* EXERCISE DETAILS *
This calls for a verbatim copy of all the data, with no images carried over.

Recorded data
────────────────

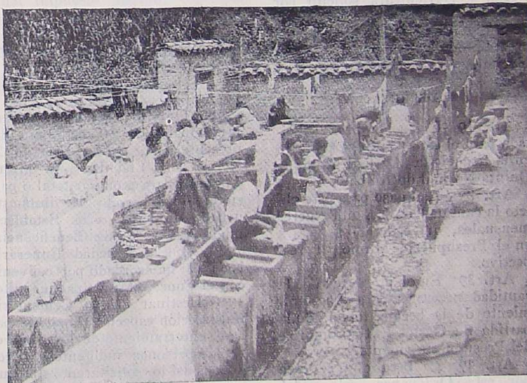
Las ilustraciones I y II representan las lavanderías y los estanques con los baños contiguos de "Los Milagros". Tanto las lavanderías como los baños fueron adquiridos por el Concejo Municipal el 4 de Agosto de 1926, para destinarlos, como se encuentran actualmente, al uso gratuito del pueblo de Quito. Su costo incluso las mejoras, es de $ 15.745.
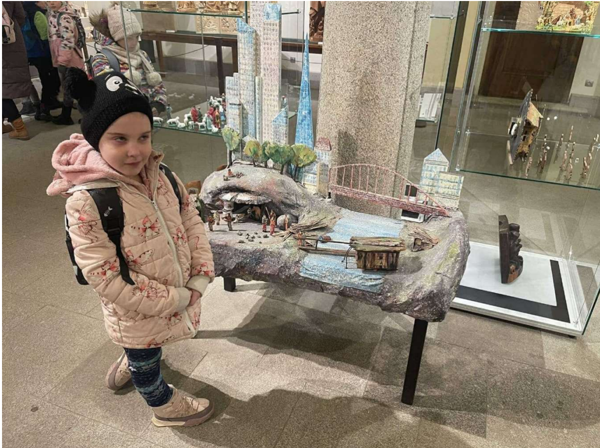
Muzeum Vysočiny Třebíč – výstava betlémů
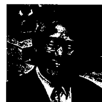
Purdue University Distinguished Professor Mr. Ei-ichi Negishi (Teijin Group Distinguished Fellow) 5th year Teijin Kumura scholarship (1957)

*This message was contributed in November 2013.
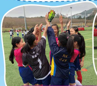
賽馬會女子青少年足球比賽2022-2023 (5人足球比賽十歲以下組別) 季軍

創意思維世界賽 香港區賽2023 (第一組別) 亞軍 同學更獲得到 美國參賽的 入場券！
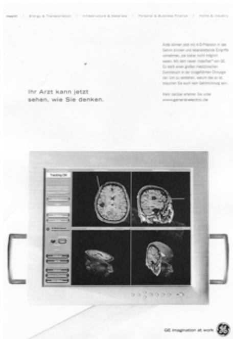
'Ihr Arzt kann jetzt sehen, wie Sie denken' (Anzeige im 'Spiegel' Nr. 13, 2004)
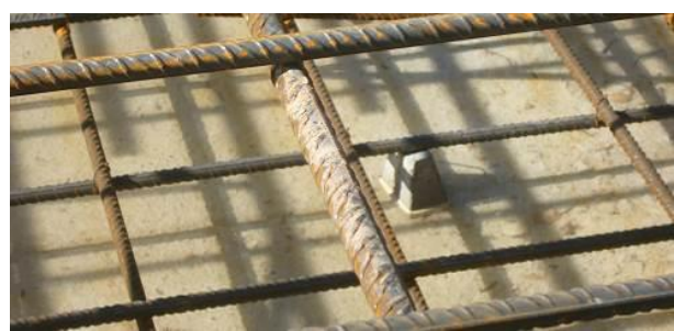
Figura 9: recubrimiento de las armaduras. Separadores
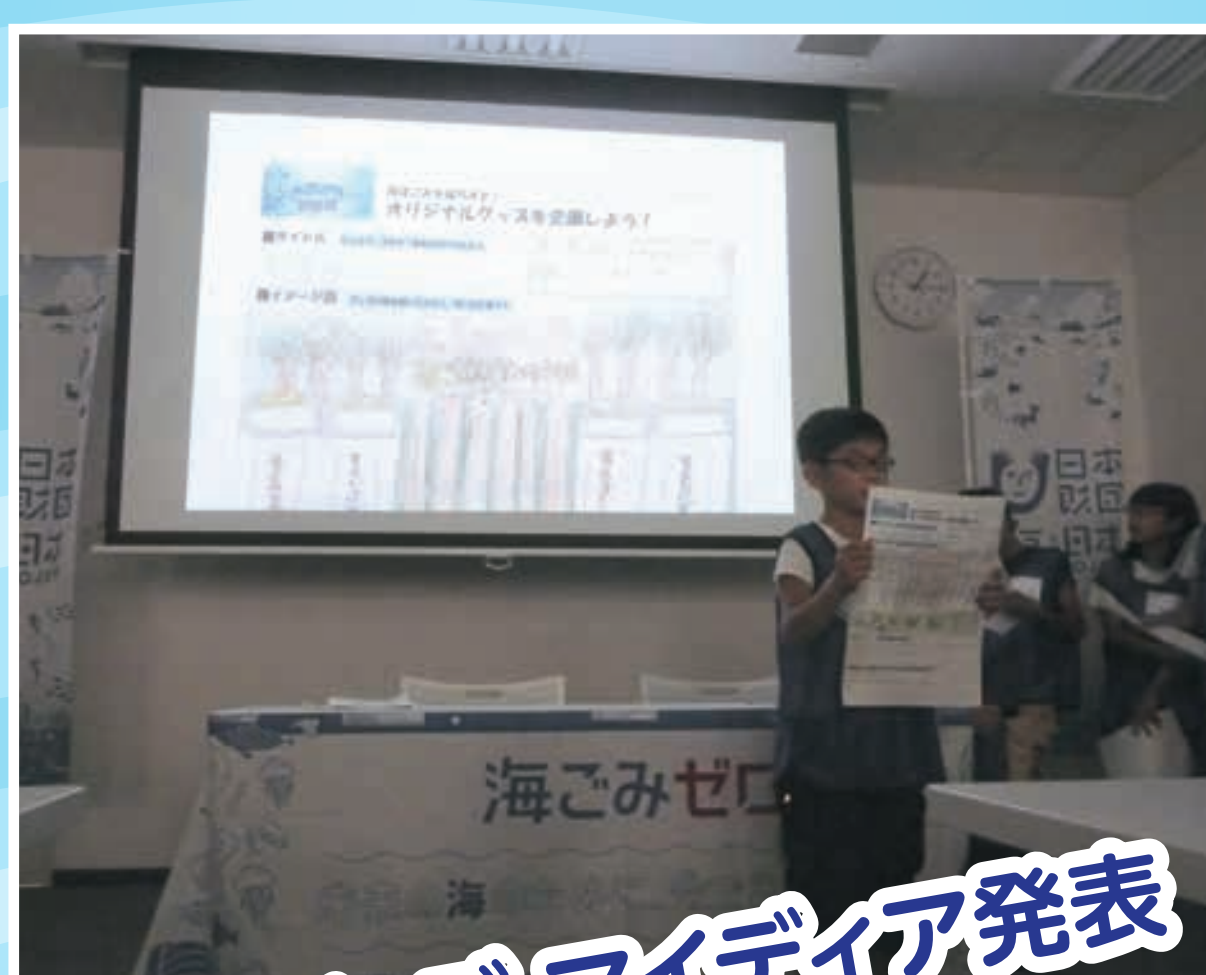
対策グッズ アイデア発表
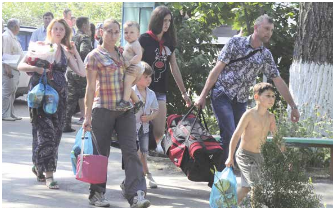
Тысячи беженцев едут в Россию. И почти всем нужна работа.

работодателю целесообразно проверять правомерность выдачи удостоверения беженца или свидетельства о предоставлении временного убежища на территории РФ в территориальных органах УФМС. В последнее время участились случаи предоставления поддельных документов.
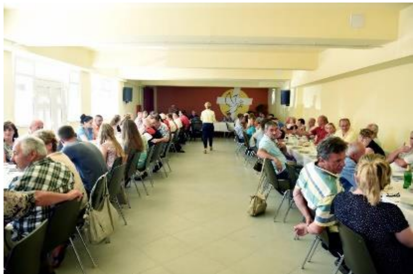
uveličali ovaj veliki jubilej.

Nakon svete mise pokraj crkve uslijedilo je druženje uz tamburaše i KUD koji su
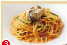
③ 牡蠣とほうれん草の オマールクリームソースパスタ

────────────────

* REPLY *
Las ilustraciones I y II representan las lavanderías y los estanques con los baños contiguos de "Los Milagros". Tanto las lavanderías como los baños fueron adquiridos por el Concejo Municipal el 4 de Agosto de 1926, para destinarlos, como se encuentran actualmente, al uso gratuito del pueblo de Quito. Su costo incluso las mejoras, es de $ 15.745.
Muzeum Vysočiny Třebíč – výstava betlémů
Purdue University Distinguished Professor Mr. Ei-ichi Negishi (Teijin Group Distinguished Fellow) 5th year Teijin Kumura scholarship (1957)

*This message was contributed in November 2013.
賽馬會女子青少年足球比賽2022-2023 (5人足球比賽十歲以下組別) 季軍

創意思維世界賽 香港區賽2023 (第一組別) 亞軍 同學更獲得到 美國參賽的 入場券！
'Ihr Arzt kann jetzt sehen, wie Sie denken' (Anzeige im 'Spiegel' Nr. 13, 2004)
Figura 9: recubrimiento de las armaduras. Separadores
対策グッズ アイデア発表
Тысячи беженцев едут в Россию. И почти всем нужна работа.

работодателю целесообразно проверять правомерность выдачи удостоверения беженца или свидетельства о предоставлении временного убежища на территории РФ в территориальных органах УФМС. В последнее время участились случаи предоставления поддельных документов.
uveličali ovaj veliki jubilej.

Nakon svete mise pokraj crkve uslijedilo je druženje uz tamburaše i KUD koji su
③ 牡蠣とほうれん草の オマールクリームソースパスタ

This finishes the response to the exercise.